Electronic – voltage divider — for detecting higher voltage in ADC

adcbrushless-dc-motorvoltage divider

I am working on a BLDC sensorless motor. I need to detect BEMF Zero-cross event.
My Motor is working on 24 Volt power.

Now I need to detect the back E.M.F. As refered in this application note.

My MCU is working on 5V. And ADC range is 0 to 5V.
I need to convert the BEMF feedback signal to ADC channed in this.

As we know voltage divider rule says:
Vo = (R2/R1+R2)Vin

In Figure I :–
Now signal (U) which I need to feed is applied at the middle of the two resistors R1 & R7.
So what is the value of voltage VU ?

In Figure II :–
Sum of U,V,W is applied at the middle of the two resistors R11 & R15.
So what is the value of voltage VN ?

Also, what are the roles of capacitors C1 & C4?

Please can someone explain the MATH behind this ?

enter image description here

Best Answer

Forget about the caps for a moment.
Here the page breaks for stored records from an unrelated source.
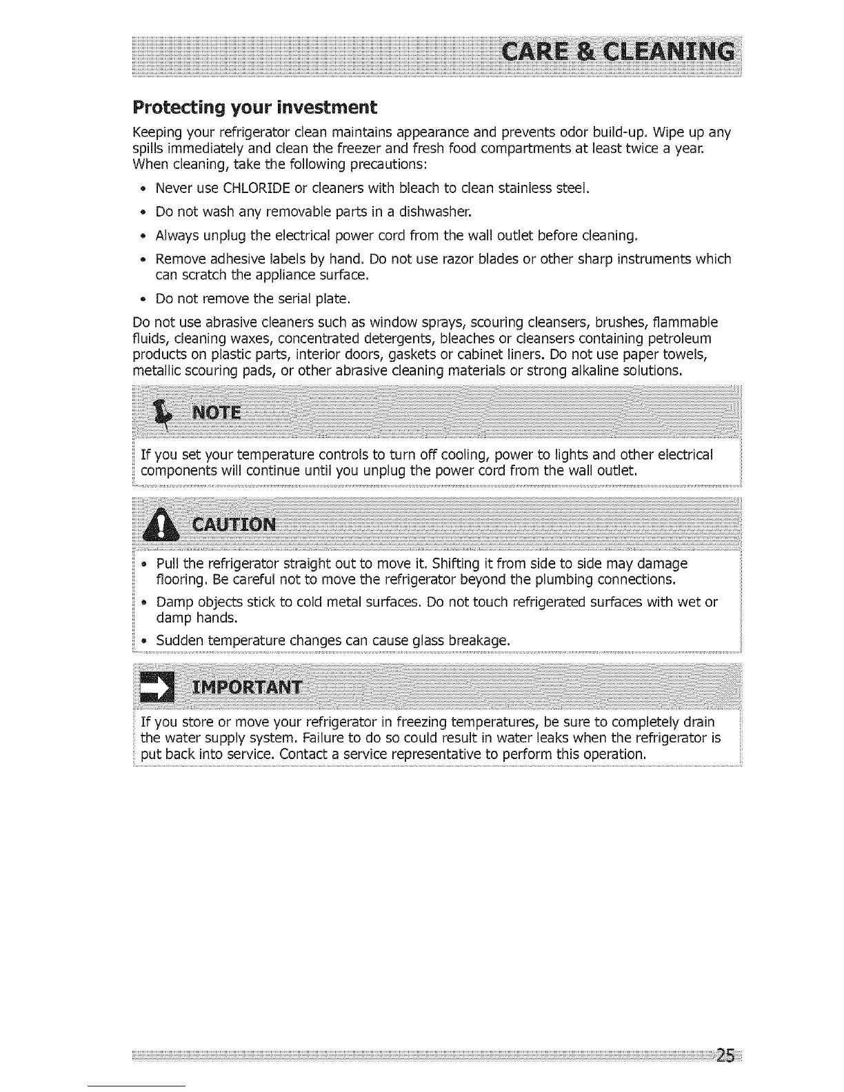 spills immediately and clean the freezer and fresh food compartments at least twice a year.
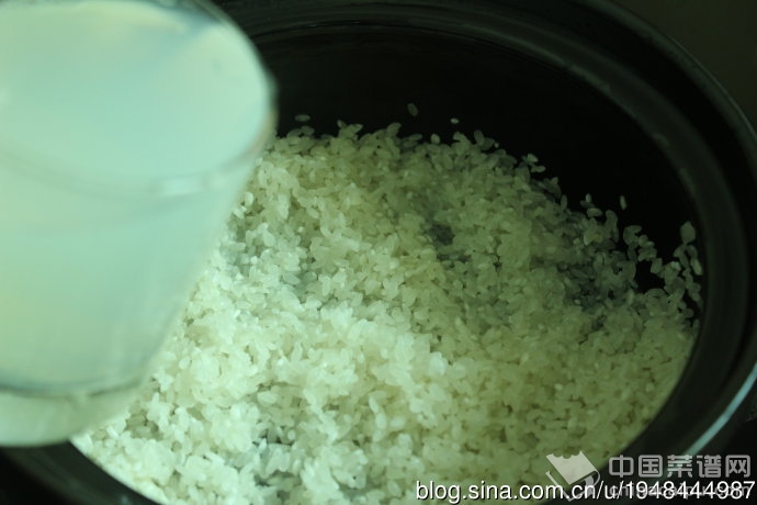 4、将2杯大米洗净后倒入砂锅中,加入2杯蛤蜊汤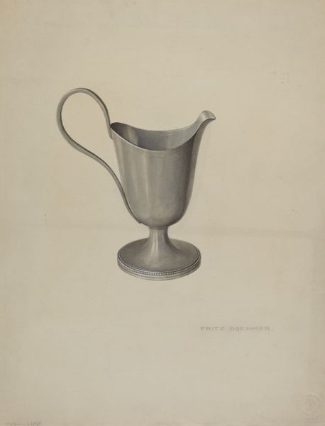 Roberta Spicer made this drawing of an egg cup with graphite on paper sometime around the late 19th or early 20th century. The drawing has a delicate, almost faded quality, like a memory recalled from a distant past. The egg cup is rendered in soft, muted tones, with subtle gradations of light and shadow. Spicer's technique is meticulous, capturing the smooth, curved surfaces of the cup with a gentle touch. Look at the way she uses the graphite to create a sense of depth and volume. The handle casts a shadow, creating a delicate play of light and dark. It's like she's trying to hold onto something precious, something fragile. This drawing reminds me of the work of Giorgio Morandi, who also found beauty in simple, everyday objects. Both artists invite us to slow down, to contemplate the quiet poetry of the ordinary. The egg cup is just an egg cup, but Spicer transforms it into something more, a vessel of memory and emotion. It shows us how art helps us to see the world in new ways.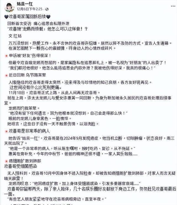 由于哥哥平时低调、不愿曝光,而追思悼文是家属与逝者之间的情感和私人表达,怎能拿这种事公开报道?她斥责对方不应在背后透露别人的隐私。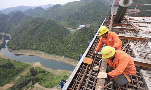 People work at the construction site of the Xiangjiang bridge in southwest China's Guizhou Province, April 26, 2020. With strict COVID-19 prevention and control measures in place, construction work of the 1,700-meter bridge has been resumed recently. (Xinhua/Liu Xu)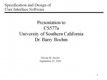 <Notice: Removed> Specification and Design of User Interface Software PowerPoint PPT Presentation

In fig. 1 you have three resistors with unknown current and a unknown output voltage, which makes four unknowns. You can apply ohms law to each resistor and Kirchhoff's current law to the common node to obtain four linear equations. Solving them is straightforward math. Applying the superposition law is equivalent.

For the specific case you mention, the solution of the equation is equivalent to replacing the two resistors to fixed voltages (ground and Vcc) by a single virtual resistor having the value of those two resistors in parallel connected to a virtual voltage source supplying a voltage as you would get from a two-resistor divider between the fixed voltage sources.

The cap acts as low-pass filter. You can calculate the cut-off frequency as if the R in the RC filter is all three resistors in parallel.